The presumption of legitimacy in the Civil Code . . . does not have this purely
evidential character. It serves a more fundamental purpose. It actually fixes a civil
status for the child born in wedlock, and that civil status cannot be attacked
collaterally. The legitimacy of the child can be impugned only in a direct action
brought for that purpose, by the proper parties, and within the period limited by law.
The legitimacy of the child cannot be contested by way of defense or as a collateral
issue in another action for a different purpose. . . . 12 (Emphasis supplied.)
In consequence of the above observations, we hold that Doribel, as the legitimate daughter of
Teodoro and Isabel Sayson, and Delia and Edmundo, as their adopted children, are the exclusive
heirs to the intestate estate of the deceased couple, conformably to the following Article 979 of the
Civil Code:
Art. 979. Legitimate children and their descendants succeed the parents and other
ascendants, without distinction as to sex or age, and even if they should come from
different marriages.
An adopted child succeeds to the property of the adopting parents in the same
manner as a legitimate child.
The philosophy underlying this article is that a person's love descends first to his children and
grandchildren before it ascends to his parents and thereafter spreads among his collateral relatives.
It is also supposed that one of his purposes in acquiring properties is to leave them eventually to his
children as a token of his love for them and as a provision for their continued care even after he is
gone from this earth.
Coming now to the right of representation, we stress first the following pertinent provisions of the
Civil Code:
Art. 970. Representation is a right created by fiction of law, by virtue of which the
representative is raised to the place and the degree of the person represented, and

acquires the rights which the latter would have if he were living or if he could have
inherited.
Art. 971. The representative is called to the succession by the law and not by the
person represented. The representative does not succeed the person represented
but the one who the person represented would have succeeded.
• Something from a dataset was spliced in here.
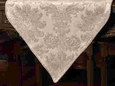 Materiał:   Bardzo dobra gatunkowo i piękna tkanina żakardowa. Brzeg bieżnika wykończony jest ozdobnym sznurem

Art. 981. Should children of the deceased and descendants of other children who are
dead, survive, the former shall inherit in their own right, and the latter by right of
representation.
There is no question that as the legitimate daughter of Teodoro and thus the granddaughter of Eleno
and Rafaela, Doribel has a right to represent her deceased father in the distribution of the intestate
estate of her grandparents. Under Article 981, quoted above, she is entitled to the share her father
would have directly inherited had he survived, which shall be equal to the shares of her
grandparents' other children. 13
But a different conclusion must be reached in the case of Delia and Edmundo, to whom the
grandparents were total strangers. While it is true that the adopted child shall be deemed to be a
legitimate child and have the same right as the latter, these rights do not include the right of
representation. The relationship created by the adoption is between only the adopting parents and
the adopted child and does not extend to the blood relatives of either party. 14
In sum, we agree with the lower courts that Delia and Edmundo as the adopted children and Doribel
as the legitimate daughter of Teodoro Sayson and Isabel Bautista, are their exclusive heirs and are
under no obligation to share the estate of their parents with the petitioners. The Court of Appeals
was correct, however, in holding that only Doribel has the right of representation in the inheritance of
her grandparents' intestate estate, the other private respondents being only the adoptive children of
the deceased Teodoro.
WHEREFORE, the petition is DENIED, and the challenged decision of the Court of Appeals is
AFFIRMED in toto, with costs against the petitioners.